Transcribe each line below verbatim; pictures excluded.

## DATA BLOCK

┏━━

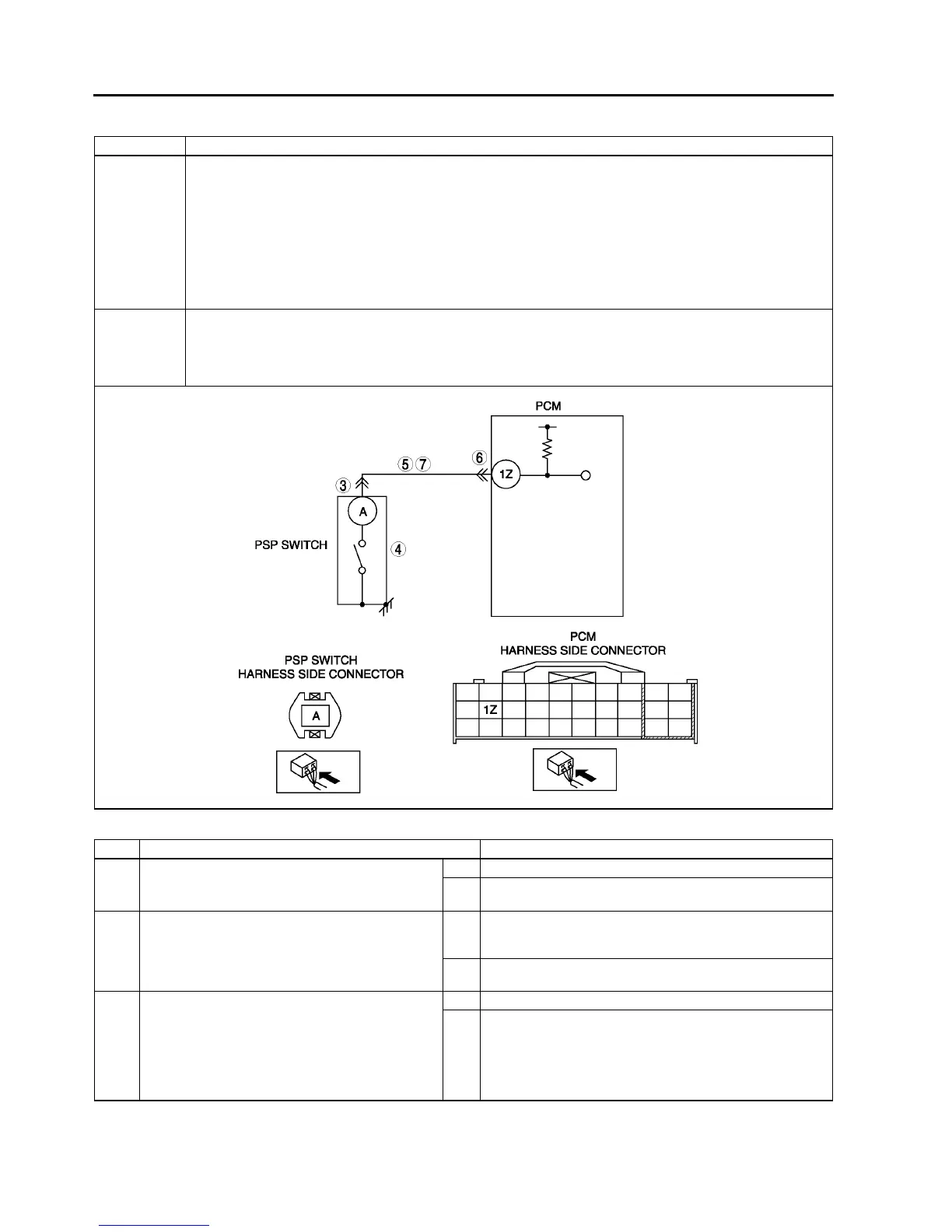 • Open circuit in wiring between PSP switch terminal and PCM terminal 1Z
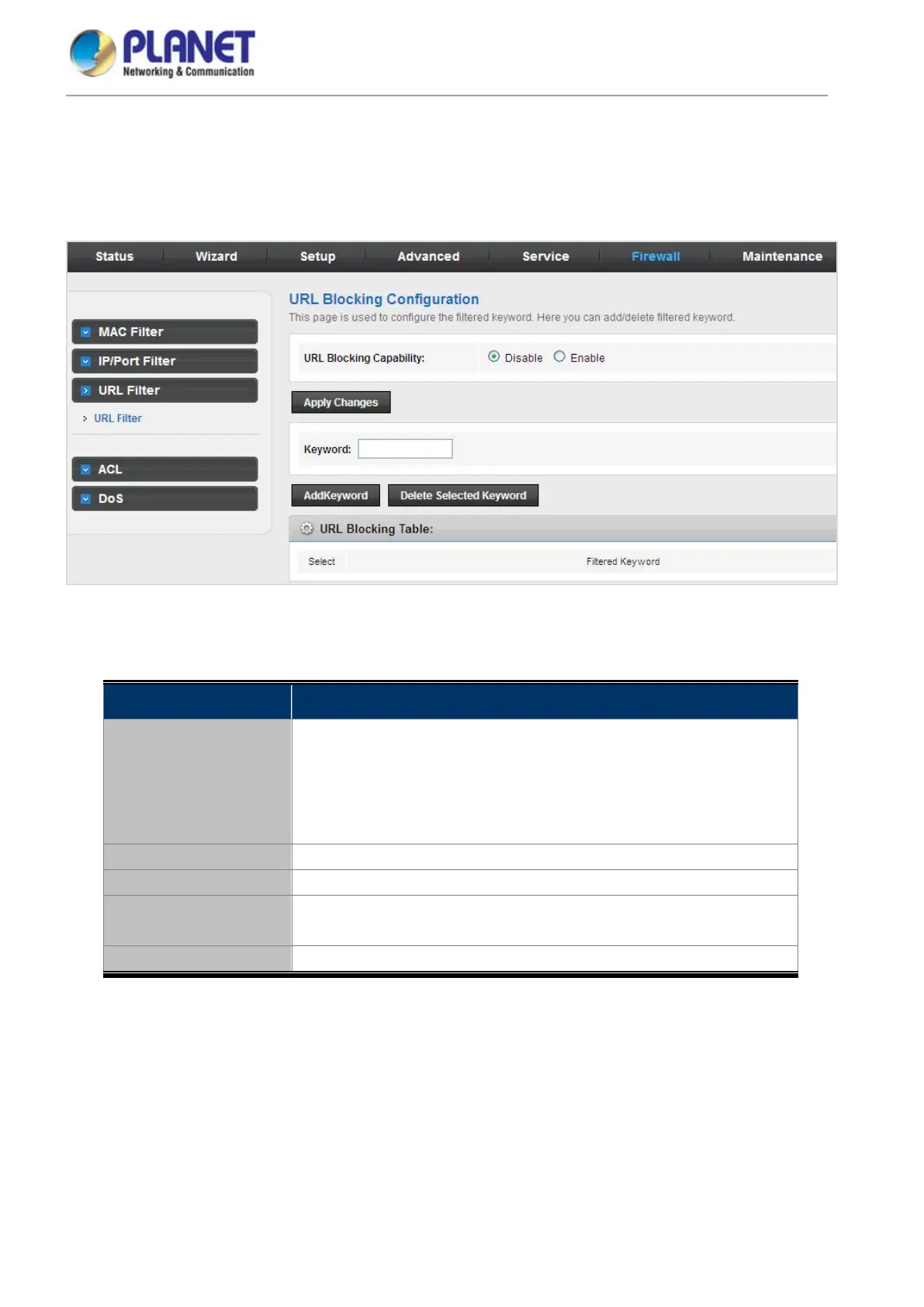Click URL Filter in the left pane and the page shown in the following figure appears. This page is used to block a
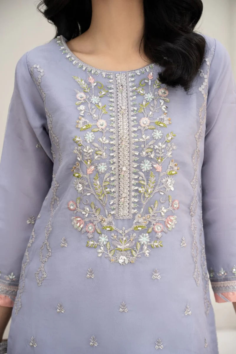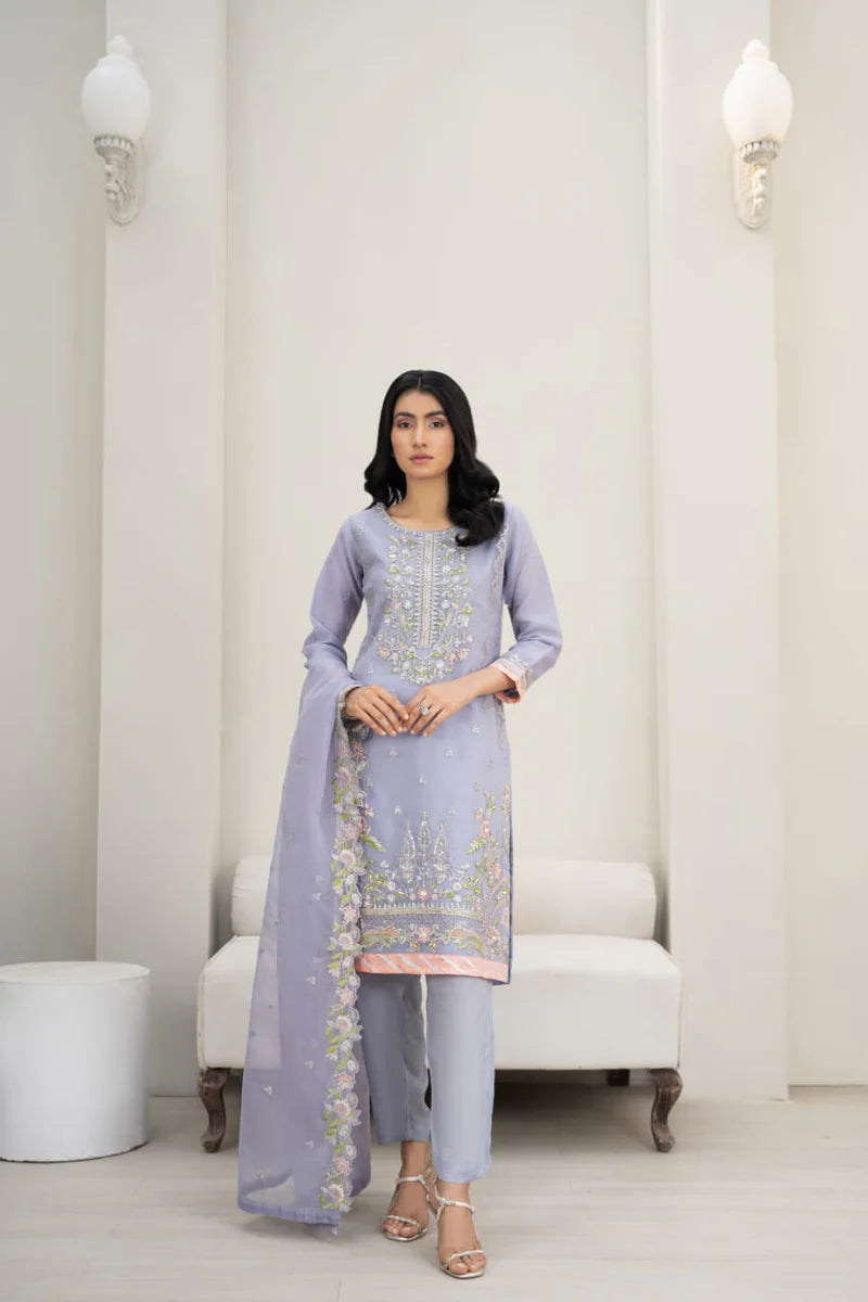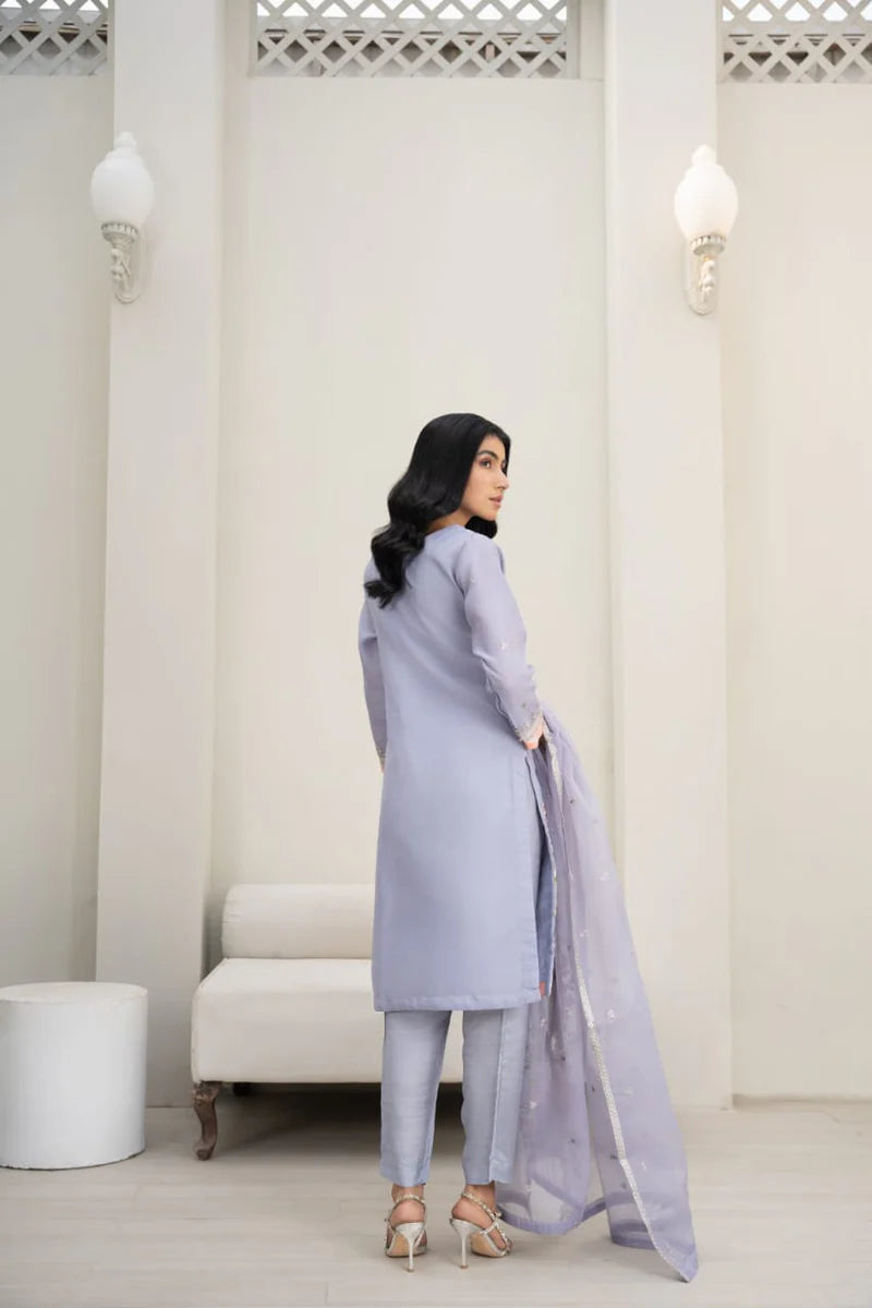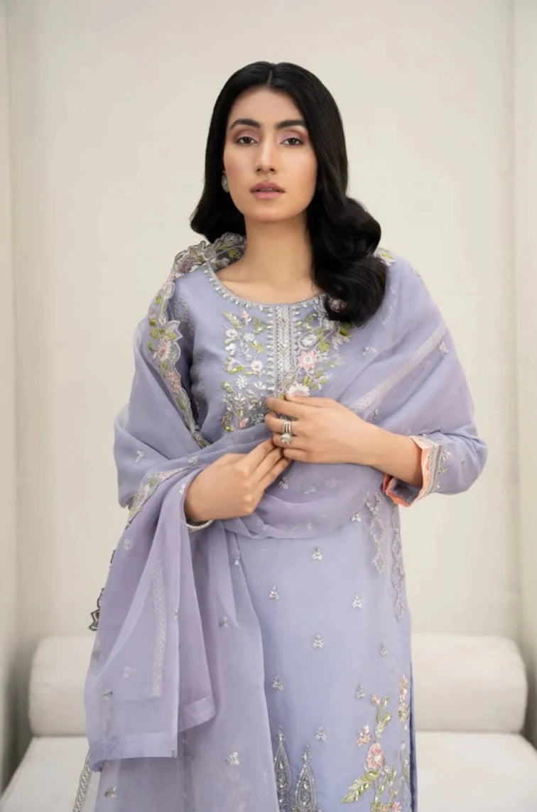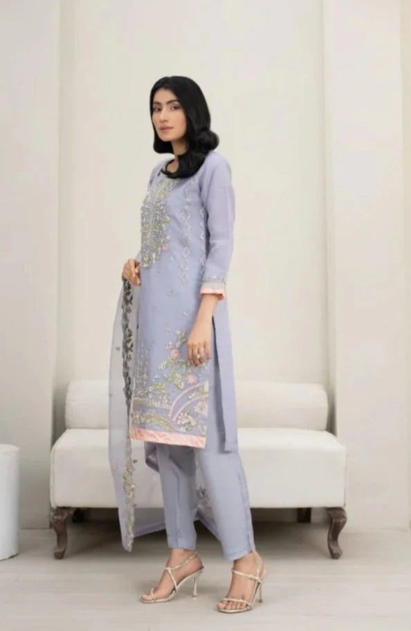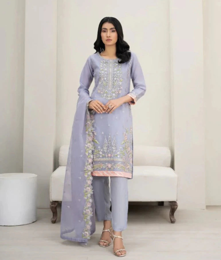 Description: Organza Shirt with Embroidery, Raw Silk Trouser and Organza Dupatta

┗━━

## WRITTEN RESPONSE
 • Open circuit in wiring between PSP switch terminal and PCM terminal 1Z
Click URL Filter in the left pane and the page shown in the following figure appears. This page is used to block a
 Description: Organza Shirt with Embroidery, Raw Silk Trouser and Organza Dupatta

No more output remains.